▸ Directions
From the entries below, copy exactly the lines from the one that contains "Hi team/community, please" through the one that contains "〇 和スイーツ(わらびもち、抹茶ロールケーキ)", both included, and only those.

▸ Record extracts
************

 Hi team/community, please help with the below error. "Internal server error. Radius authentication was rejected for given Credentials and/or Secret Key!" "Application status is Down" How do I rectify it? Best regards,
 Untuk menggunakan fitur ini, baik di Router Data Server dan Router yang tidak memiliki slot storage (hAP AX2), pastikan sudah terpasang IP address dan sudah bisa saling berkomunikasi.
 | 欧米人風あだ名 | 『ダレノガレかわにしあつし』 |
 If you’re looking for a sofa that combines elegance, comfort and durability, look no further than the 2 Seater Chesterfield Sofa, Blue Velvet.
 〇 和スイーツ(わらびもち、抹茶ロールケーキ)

************

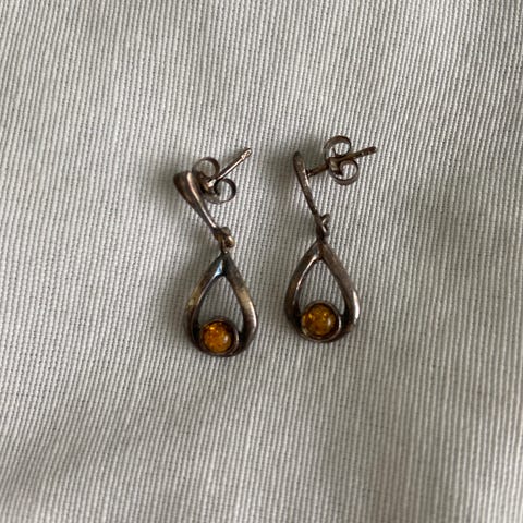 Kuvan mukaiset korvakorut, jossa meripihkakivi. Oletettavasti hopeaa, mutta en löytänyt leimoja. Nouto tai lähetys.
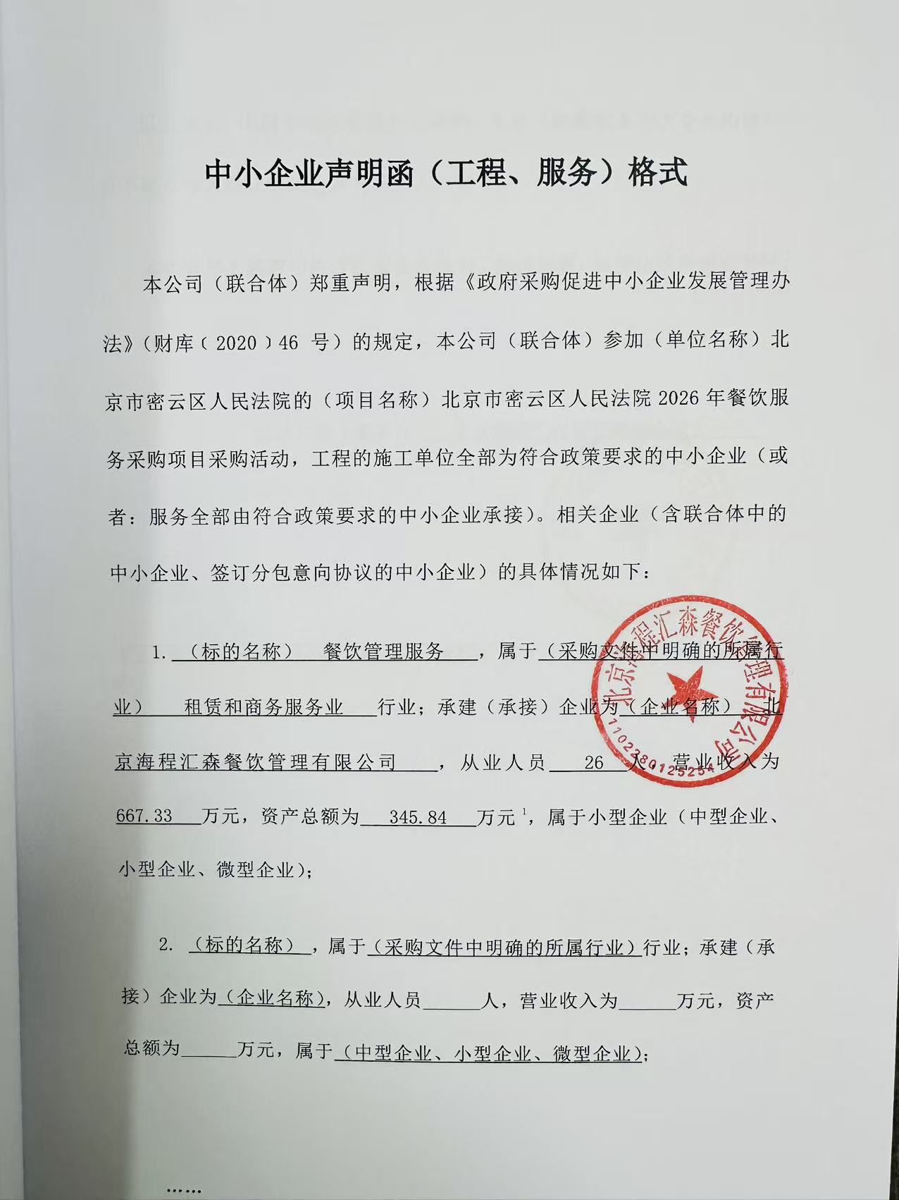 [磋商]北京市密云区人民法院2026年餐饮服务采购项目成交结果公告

************

▸ Task result
 Hi team/community, please help with the below error. "Internal server error. Radius authentication was rejected for given Credentials and/or Secret Key!" "Application status is Down" How do I rectify it? Best regards,
 Untuk menggunakan fitur ini, baik di Router Data Server dan Router yang tidak memiliki slot storage (hAP AX2), pastikan sudah terpasang IP address dan sudah bisa saling berkomunikasi.
 | 欧米人風あだ名 | 『ダレノガレかわにしあつし』 |
 If you’re looking for a sofa that combines elegance, comfort and durability, look no further than the 2 Seater Chesterfield Sofa, Blue Velvet.
 〇 和スイーツ(わらびもち、抹茶ロールケーキ)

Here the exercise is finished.